Physics for Everyone (Mechanics)

People have been solving the problem of throwing an object as far as possible from time immemorial. A stone thrown by hand or shot from a sling, an arrow flown from a bow, a rifle bullet, an artillery shell, a ballistic missile—here is a brief list of successes in this field.

The thrown object will move in a curved line called a parabola. It can be constructed without difficulty if we regard the motion of a thrown body as the sum of two motions—horizontal and vertical—taking place simultaneously and independently. The acceleration of free fall is vertical, and so a flying bullet moves horizontally by inertia with a constant velocity and simultaneously falls to the Earth vertically with a constant acceleration. But how can we add these two motions?

Let us begin with a simple case—when the initial velocity is horizontal (say, we are dealing with a shot from a rifle whose barrel is horizontal). Take a sheet of graph paper and draw a vertical and a horizontal lines (Figure 1). Since the two motions are taking place independently, in \(t\) seconds the body is displaced by an interval of \(v_{0}t\) to the right and an interval of \(gt^{2} /2\) downwards. Mark off the segment \(v_{0}t\) along the horizontal line, and from its end point, the vertical segment \(gt^{2} /2\). The end point of the vertical segment represents the point where the body will be in \(t\) seconds. This construction must be carried out for several points, i.e. for several instants of time. A smooth curve—the parabola representing the trajectory of the body—will pass through these points. The more frequently one lays off these points, the more accurately will the trajectory of the flight of the bullet be constructed.

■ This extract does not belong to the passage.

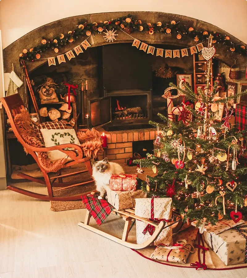 This cozy setting resembles a scene from a classic holiday film, emphasizing tactile warmth and rustic charm. A stone fireplace with a brick surround creates a perfect centerpiece, complemented by a garland made of dried citrus slices and fresh greenery, which adds color, scent, and vintage flair. Opting for a wooden sleigh stacker instead of a tree skirt to hold gifts was an ingenious, functional touch, while a rocking chair draped in sheepskin adds an inviting layer of comfort.
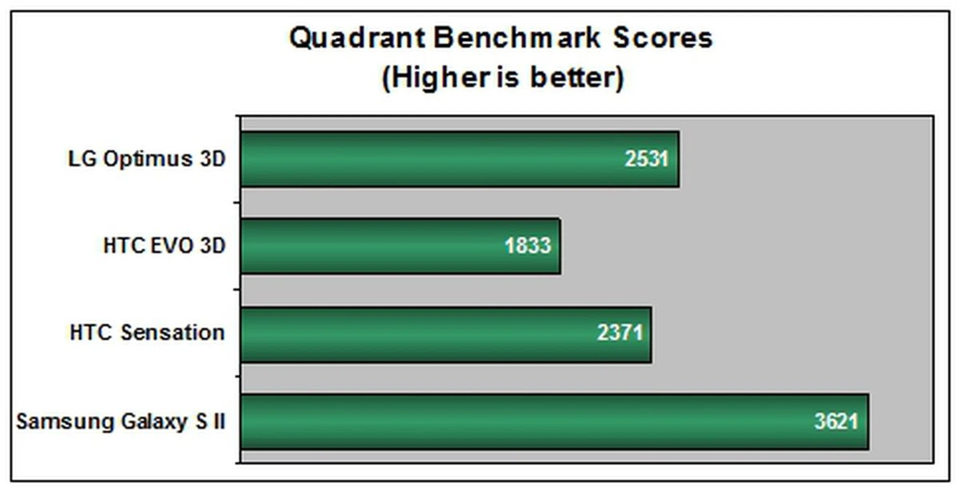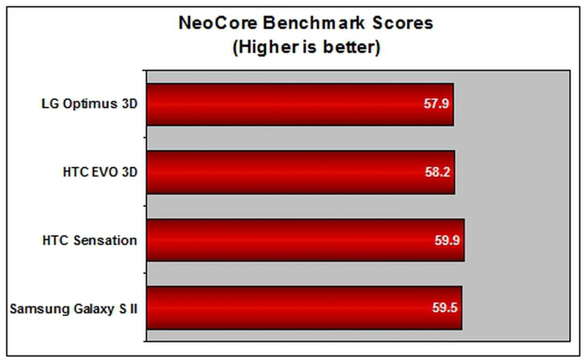 With a score of over 2000 on most of the dual-core devices (considering how usually only single-core variants manage below this mark), the Quadrant benchmark did not deviate much from the expected results. The LG Optimus 3D comes with the least powerful hardware specs out of the lot (not to mention that it is preloaded with Android 2.2 instead of 2.3). Nonetheless, the smartphone sports a powerful dual-core 1GHz processor and ample 512 RAM. Benchmark results show however, that the LG Optimus 3D came in second in terms of Quadrant benchmark scores, almost nose-to-nose with the HTC Sensation's results. Noticeably, it performs better than its closest competitor, the HTC EVO 3D despite the latter's dual-core 1.2GHz and 1GB worth of RAM. Considering both HTC devices run on a graphics-intensive Sense UI, this fact might play in LG Optimus 3D's favor.

A trajectory has been constructed in Figure 2 for the case when the initial velocity \(v_{0}\) is directed at an angle. The vector \(v_{0}\) should first of all be decomposed into its vertical and horizontal components. On the horizontal line we mark off \(v_{\textrm{hor}} t\)—the distance through which the bullet will move horizontally in \(t\) seconds.

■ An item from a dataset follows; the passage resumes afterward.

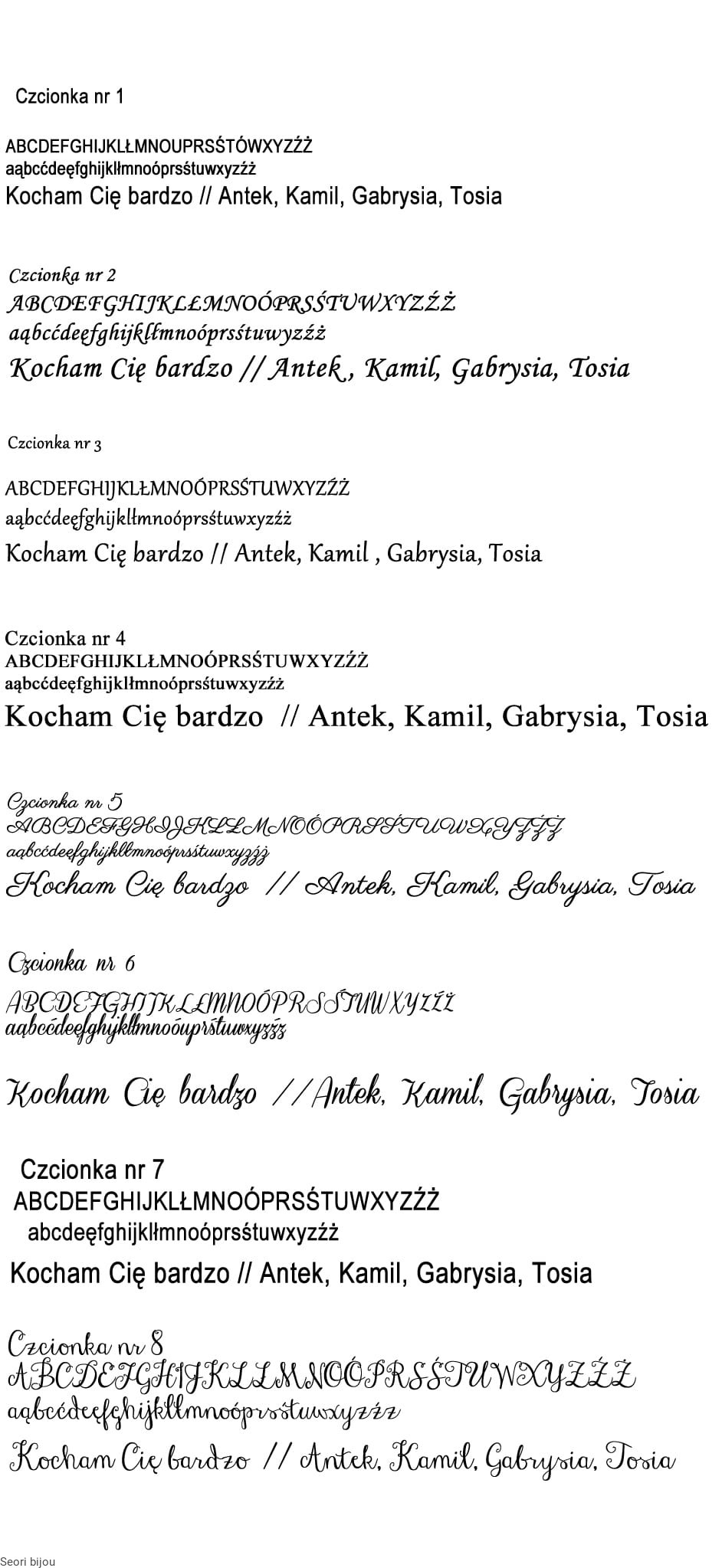 - czcionka do wyboru z naszej galerii zdjęć

But the bullet simultaneously performs an upward motion. In \(t\) seconds it will rise to a height of \(h = v_{\textrm{ver}} t - gt^{2} /2\). By means of this formula, substituting in it the instants of time of interest to us, we can compute the vertical displacements and mark them off on the vertical axis. The values of \(h\) will first increase (rise) and then decrease.

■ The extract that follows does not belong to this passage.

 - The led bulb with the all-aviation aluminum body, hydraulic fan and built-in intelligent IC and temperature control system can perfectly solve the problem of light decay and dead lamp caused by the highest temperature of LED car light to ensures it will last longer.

It now remains to mark the points of the trajectory on the graph, just as we did in the preceding example, and draw a smooth curve through them.

If the rifle barrel is held horizontally, the bullet will soon burrow into the ground; if the barrel is vertical, it will fall at the place where the shot was fired. Therefore, in order to shoot as far as possible, one must fix the barrel of the rifle at some angle to the horizontal. But at what angle?

Let us again employ the same device—decompose the initial velocity vector into its two components: a vertical vector equal to \(v_{1}\) and a horizontal vector to \(v_{2}\). The time between the moment the shot is fired until the moment the bullet reaches its highest point is equal to \(v_{1}/ g\). Note that the bullet will be falling downwards for the same length of time, i.e. the complete time of the flight of the bullet until it lands on the ground is \(2v_{1}/g\).

Since the horizontal motion is uniform, the range of the flight is equal to \[s = \frac{2v_{1}v_{2}}{g}\] (we have ignored the height of the rifle above ground level in our calculation).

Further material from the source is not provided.